**MATERIAL SHOWN**
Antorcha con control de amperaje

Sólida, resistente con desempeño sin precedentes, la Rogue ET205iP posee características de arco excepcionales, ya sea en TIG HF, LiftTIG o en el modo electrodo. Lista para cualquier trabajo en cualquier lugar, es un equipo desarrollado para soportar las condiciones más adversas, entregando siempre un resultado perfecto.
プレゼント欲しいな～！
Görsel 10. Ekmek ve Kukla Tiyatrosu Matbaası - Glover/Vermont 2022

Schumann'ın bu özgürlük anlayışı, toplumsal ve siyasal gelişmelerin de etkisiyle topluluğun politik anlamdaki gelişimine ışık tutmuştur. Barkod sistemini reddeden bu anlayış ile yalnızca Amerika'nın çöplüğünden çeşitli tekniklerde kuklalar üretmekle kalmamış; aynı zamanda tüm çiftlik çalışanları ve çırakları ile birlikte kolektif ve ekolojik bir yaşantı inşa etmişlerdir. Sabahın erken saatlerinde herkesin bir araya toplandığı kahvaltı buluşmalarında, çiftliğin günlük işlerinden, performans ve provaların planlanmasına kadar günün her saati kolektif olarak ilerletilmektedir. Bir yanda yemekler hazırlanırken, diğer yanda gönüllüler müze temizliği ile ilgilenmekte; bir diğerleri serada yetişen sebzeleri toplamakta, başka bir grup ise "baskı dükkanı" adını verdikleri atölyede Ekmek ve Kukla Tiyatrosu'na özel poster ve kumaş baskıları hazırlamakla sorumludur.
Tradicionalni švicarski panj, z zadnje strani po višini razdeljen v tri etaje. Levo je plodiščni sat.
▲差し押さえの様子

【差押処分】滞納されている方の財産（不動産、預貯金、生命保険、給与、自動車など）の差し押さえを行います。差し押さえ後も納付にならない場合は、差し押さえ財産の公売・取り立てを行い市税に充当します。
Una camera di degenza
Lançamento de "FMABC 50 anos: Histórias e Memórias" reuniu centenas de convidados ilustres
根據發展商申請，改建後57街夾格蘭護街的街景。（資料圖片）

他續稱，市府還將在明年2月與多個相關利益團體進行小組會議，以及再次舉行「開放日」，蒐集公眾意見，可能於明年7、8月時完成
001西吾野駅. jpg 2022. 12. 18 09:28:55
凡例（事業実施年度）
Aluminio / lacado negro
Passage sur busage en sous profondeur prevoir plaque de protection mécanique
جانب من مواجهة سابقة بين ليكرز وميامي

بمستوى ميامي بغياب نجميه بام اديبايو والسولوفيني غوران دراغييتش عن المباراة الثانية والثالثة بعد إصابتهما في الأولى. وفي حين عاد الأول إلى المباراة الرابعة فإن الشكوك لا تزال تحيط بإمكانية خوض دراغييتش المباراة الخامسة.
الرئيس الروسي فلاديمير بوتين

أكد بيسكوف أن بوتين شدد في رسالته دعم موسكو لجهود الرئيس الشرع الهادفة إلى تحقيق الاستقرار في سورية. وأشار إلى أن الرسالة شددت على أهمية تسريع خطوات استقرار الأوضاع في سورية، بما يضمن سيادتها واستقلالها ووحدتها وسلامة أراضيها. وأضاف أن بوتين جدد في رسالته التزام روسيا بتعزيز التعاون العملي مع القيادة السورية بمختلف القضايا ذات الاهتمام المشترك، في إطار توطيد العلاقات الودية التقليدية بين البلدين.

==

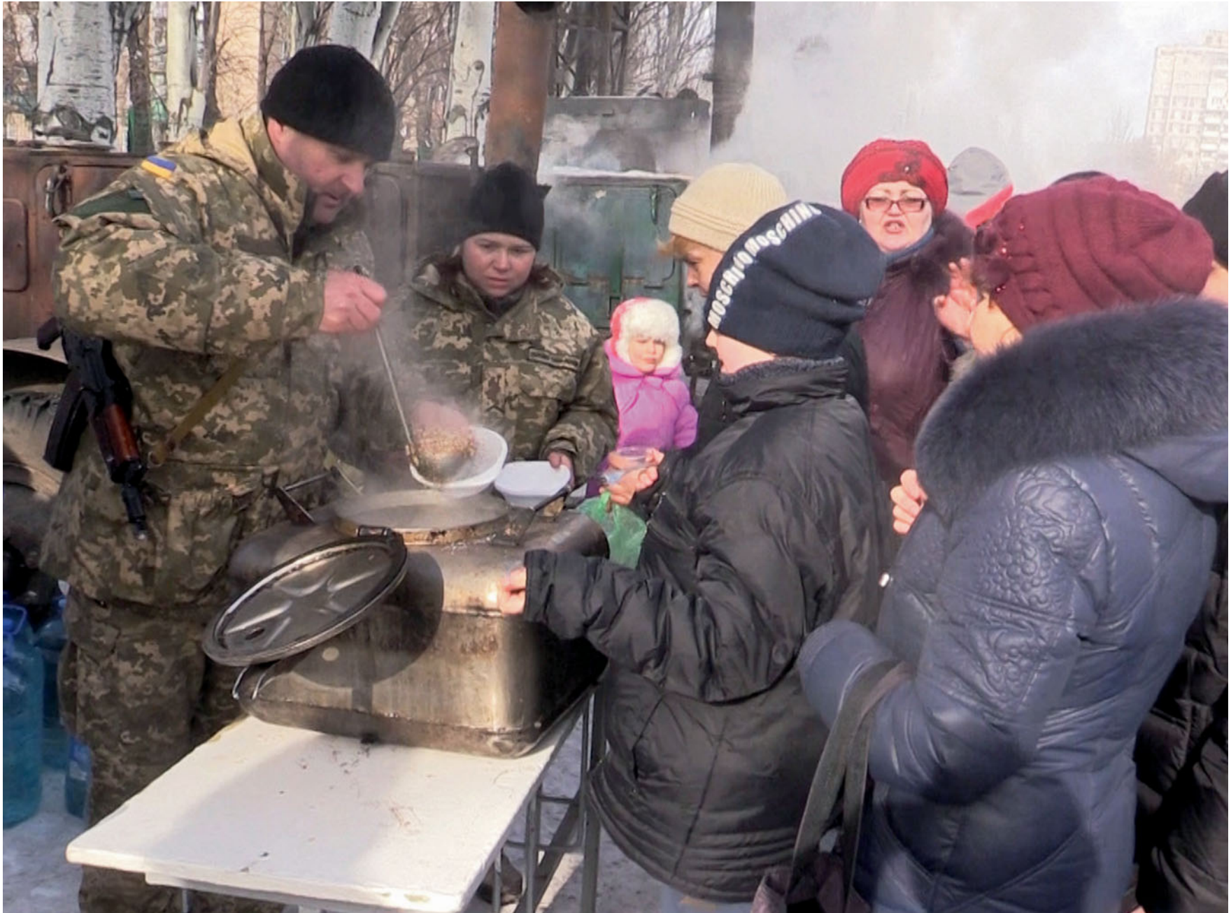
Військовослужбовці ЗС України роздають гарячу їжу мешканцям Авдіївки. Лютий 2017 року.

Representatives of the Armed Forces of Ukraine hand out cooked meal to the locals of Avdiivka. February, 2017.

---

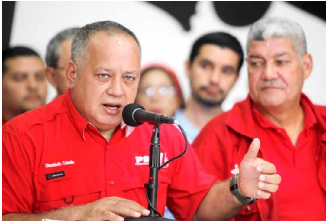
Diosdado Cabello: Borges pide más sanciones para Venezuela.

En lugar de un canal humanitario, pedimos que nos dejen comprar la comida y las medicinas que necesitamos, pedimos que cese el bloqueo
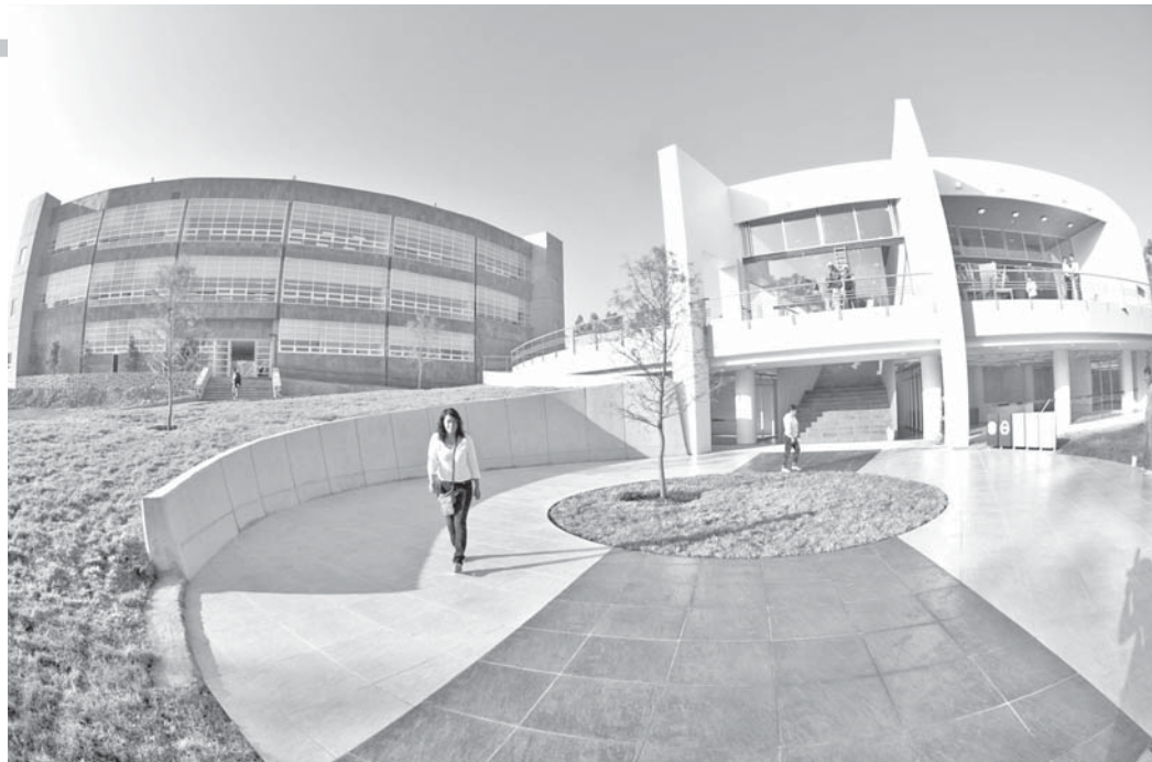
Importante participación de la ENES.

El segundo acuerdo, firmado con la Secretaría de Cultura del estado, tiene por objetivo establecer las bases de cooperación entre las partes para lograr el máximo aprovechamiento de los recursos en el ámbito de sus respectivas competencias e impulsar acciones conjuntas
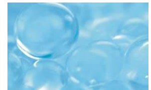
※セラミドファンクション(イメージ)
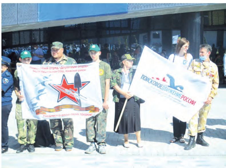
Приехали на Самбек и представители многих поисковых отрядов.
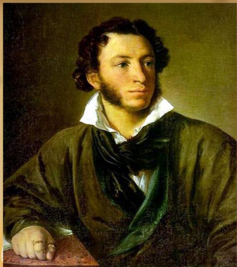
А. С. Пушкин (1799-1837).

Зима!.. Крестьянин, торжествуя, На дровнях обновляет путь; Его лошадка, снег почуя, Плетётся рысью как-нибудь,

**WHAT YOU SHOULD DO**
Filter the records above down to the lines that hold the string "lugar".

**ANSWER TO THIS PROBLEM**
Sólida, resistente con desempeño sin precedentes, la Rogue ET205iP posee características de arco excepcionales, ya sea en TIG HF, LiftTIG o en el modo electrodo. Lista para cualquier trabajo en cualquier lugar, es un equipo desarrollado para soportar las condiciones más adversas, entregando siempre un resultado perfecto.
En lugar de un canal humanitario, pedimos que nos dejen comprar la comida y las medicinas que necesitamos, pedimos que cese el bloqueo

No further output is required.